§ Task to carry out: In the records below, the relevant part opens with the line containing "가졌다. ⓒ사진=지유석 기자 |" and closes with the line containing "مزایده عمومی مزایده"; print that part exactly and only, without its pictures.

§ The data:
-- Opening Marker --
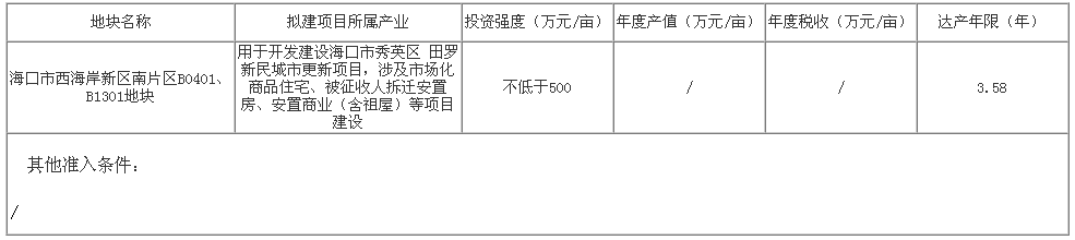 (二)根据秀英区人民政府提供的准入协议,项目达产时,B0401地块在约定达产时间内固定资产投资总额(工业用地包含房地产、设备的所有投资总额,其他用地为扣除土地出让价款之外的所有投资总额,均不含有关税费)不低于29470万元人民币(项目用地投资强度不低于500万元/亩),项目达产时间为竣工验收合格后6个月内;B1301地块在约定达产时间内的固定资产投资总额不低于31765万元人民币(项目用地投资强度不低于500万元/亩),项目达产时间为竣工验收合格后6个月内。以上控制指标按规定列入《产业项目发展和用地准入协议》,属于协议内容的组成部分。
-- Closing Marker --
-- Opening Marker --
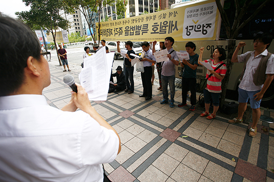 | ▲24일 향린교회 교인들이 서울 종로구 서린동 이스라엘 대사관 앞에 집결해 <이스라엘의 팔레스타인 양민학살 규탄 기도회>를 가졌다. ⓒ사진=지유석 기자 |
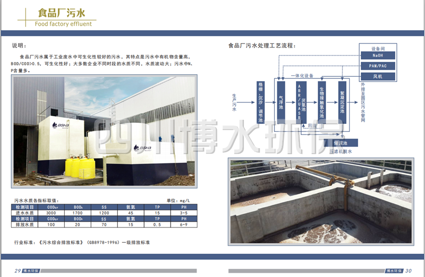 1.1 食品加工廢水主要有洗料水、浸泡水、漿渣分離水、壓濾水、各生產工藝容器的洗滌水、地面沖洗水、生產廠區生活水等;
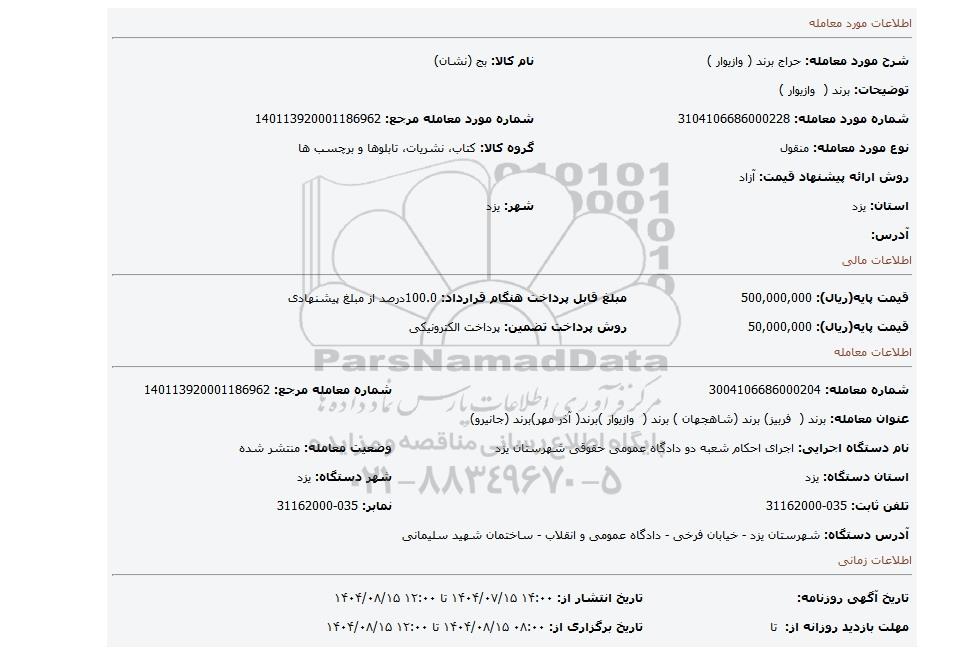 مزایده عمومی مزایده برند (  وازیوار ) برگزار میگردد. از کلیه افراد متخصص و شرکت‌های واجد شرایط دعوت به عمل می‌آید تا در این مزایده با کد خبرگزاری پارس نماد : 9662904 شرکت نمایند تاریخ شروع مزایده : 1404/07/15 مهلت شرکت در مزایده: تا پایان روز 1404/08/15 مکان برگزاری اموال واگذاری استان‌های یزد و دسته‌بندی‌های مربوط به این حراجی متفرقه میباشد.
-- Closing Marker --
§ Result of this task:
 | ▲24일 향린교회 교인들이 서울 종로구 서린동 이스라엘 대사관 앞에 집결해 <이스라엘의 팔레스타인 양민학살 규탄 기도회>를 가졌다. ⓒ사진=지유석 기자 |
 1.1 食品加工廢水主要有洗料水、浸泡水、漿渣分離水、壓濾水、各生產工藝容器的洗滌水、地面沖洗水、生產廠區生活水等;
 مزایده عمومی مزایده برند (  وازیوار ) برگزار میگردد. از کلیه افراد متخصص و شرکت‌های واجد شرایط دعوت به عمل می‌آید تا در این مزایده با کد خبرگزاری پارس نماد : 9662904 شرکت نمایند تاریخ شروع مزایده : 1404/07/15 مهلت شرکت در مزایده: تا پایان روز 1404/08/15 مکان برگزاری اموال واگذاری استان‌های یزد و دسته‌بندی‌های مربوط به این حراجی متفرقه میباشد.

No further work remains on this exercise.